On peut cependant accentuer certaines particularités de la correction de l’hypermétropie (effet de multifocalité) pour obtenir une amélioration plus importante de la vision de près que si l’on se bornait à ne corriger que la vision de loin. L’effet de multifocalité est lié au profil qu’adopte naturellement la cornée après chiurgie LASIK de l’hypermétropie: en faisant bomber le centre de la cornée, on induit de manière inévitable un aplatissement plus périphérique, et ce profil résulte en une variation de puissance optique, qui définit justement la multifocalité. Cependant, quelle que soit la technique employée en chirurgie de la presbytie, toute amélioration de la vision de près (augmentation de la multifocalité, surcorrection qui rend l’oeil myope et donc capable de voir nettement de près) se fait au prix d’une certaine dégradation de la vision de loin. Cette dégradation n’est pas forcément quantifiable en terme de dixièmes, mais peut se traduire par une réduction de la sensibilité aux contrastes.

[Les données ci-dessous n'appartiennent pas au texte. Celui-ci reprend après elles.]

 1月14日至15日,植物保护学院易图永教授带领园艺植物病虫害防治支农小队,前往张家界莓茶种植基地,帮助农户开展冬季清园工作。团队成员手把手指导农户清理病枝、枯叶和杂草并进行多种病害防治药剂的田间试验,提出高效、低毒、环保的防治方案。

C’est pour ces raisons que des techniques de correction conjointe de l’hypermétropie et de la presbytie utilisent très souvent une modulation de la correction entre l’oeil droit et l’oeil gauche (l’oeil dominant est corrigé pour la vision de loin, l’autre – non dominant – est corrigé avec une technique accentuant la multifocalité pour accroître l’acuité de près: ceci induit une moindre performance en vision de loin de ce côté, mais qui n’est pas assez franche pour être gênante).

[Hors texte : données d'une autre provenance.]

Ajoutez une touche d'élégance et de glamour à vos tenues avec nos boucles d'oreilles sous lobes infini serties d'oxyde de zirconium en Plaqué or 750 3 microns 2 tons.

Ce type de correction différentielle entre oeil droit et gauche n’est pas à proprement parler de la monovision, qui implique par définition une différence de correction franche entre les deux yeux. En chirurgie LASIK pour l’hypermétrope presbyte, on « module » plutôt légèrement la correction et son caractère multifocal entre les deux yeux de manière à ce qu’en vision binoculaire (les deux yeux ouverts, ce qui correspond aux conditions normales d’observation), le patient ne ressente pas de différence évidente entre la vision de chaque oeil.

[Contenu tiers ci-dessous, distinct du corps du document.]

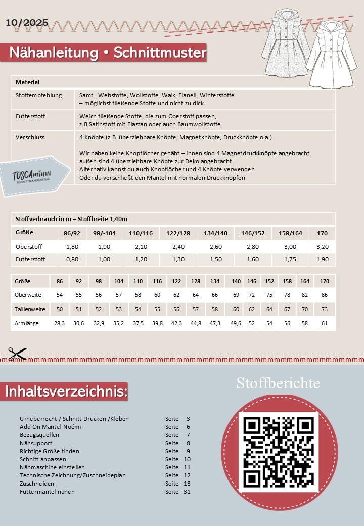 Der Kindermantel Noémi ist mehr als nur ein Schnitt – er ist ein echtes Highlight für deine Nähleidenschaft. Mit seiner romantischen Linienführung, der klaren Anleitung und dem ergänzenden Video gelingt auch weniger geübten Näher:innen ein professionelles Ergebnis. So wird Nähen zum Vergnügen – Schritt für Schritt, ganz ohne Stress.

Cette approche est aussi parfois désignée sous le terme de « Presby LASIK », terme qui regroupe un ensemble de stratégies utilisées pour corriger conjointement un défaut optique éventuel de loin, et donner de la vision de près sans correction en lunettes. Les techniques de « Presby LASIK » sont également commercialisées par certains fabricants de laser sous des appellations spécifiques (ex: Supracor, Customized Q, Blended vision, Presby-ond etc.). S’il existe des différences subtiles entre ces approches (sans parler de leurs aspects « marketing »), elles ont en commun l’induction d’une multifocalité variable, qui repose sur une accentuation de l’asphéricité du profil cornéen, qui est plus « facile » à induire chez les hypermétropes que chez les myopes (ainsi, le presby LASIK est une technique généralement peu usitée chez les myopes, au contraire de la vraie monovision, car il est difficile de conjuguer multifocalité et correction de la myopie chez le myope presbyte).
Ces explications peuvent vous paraître un peu compliquées: la correction de la presbytie repose sur des concepts à la fois théoriques et empiriques qui ne sont pas toujours bien codifiés, et qui permettent justement à certains chirurgiens et fabricants de profiter de la « confusion » pour proposer des méthodes de corrections prétendument spécifiques ou innovantes…il n’en demeure pas moins que dans tous les cas, pour corriger la presbytie, il est préférable d’être un peu hypermétrope, et je vous conseille ainsi d’effectuer un bilan orienté dans un centre spécialisé pour vérifier la possibilité de bénéficier d’une correction au laser excimer (LASIK).

2 réponses à “Hypermétrope, presbyte et légèrement astigmate : quelle correction serait la meilleure ?”

  1. Dr Damien Gatinel dit :

    L’oeil droit présente un astigmatisme mixte et une presbytie, et l’oeil gauche présente un astigmatisme myopique et une presbytie;

  2. Nicolas BALLAND dit :

    Bonjour j’a une ordonnance de prescription d’un ophtalmologue qui est:

    OD: +0,5 (-0,75) 20 degrés avec ADD 2.00
    OG: 0 (-0,75) 100 degrés avec ADD 2.00

    Confirmez moi le mais si j’ai bien compris à la vue de ces valeurs je suis Hypermétrope, Astigmate et Presbyte?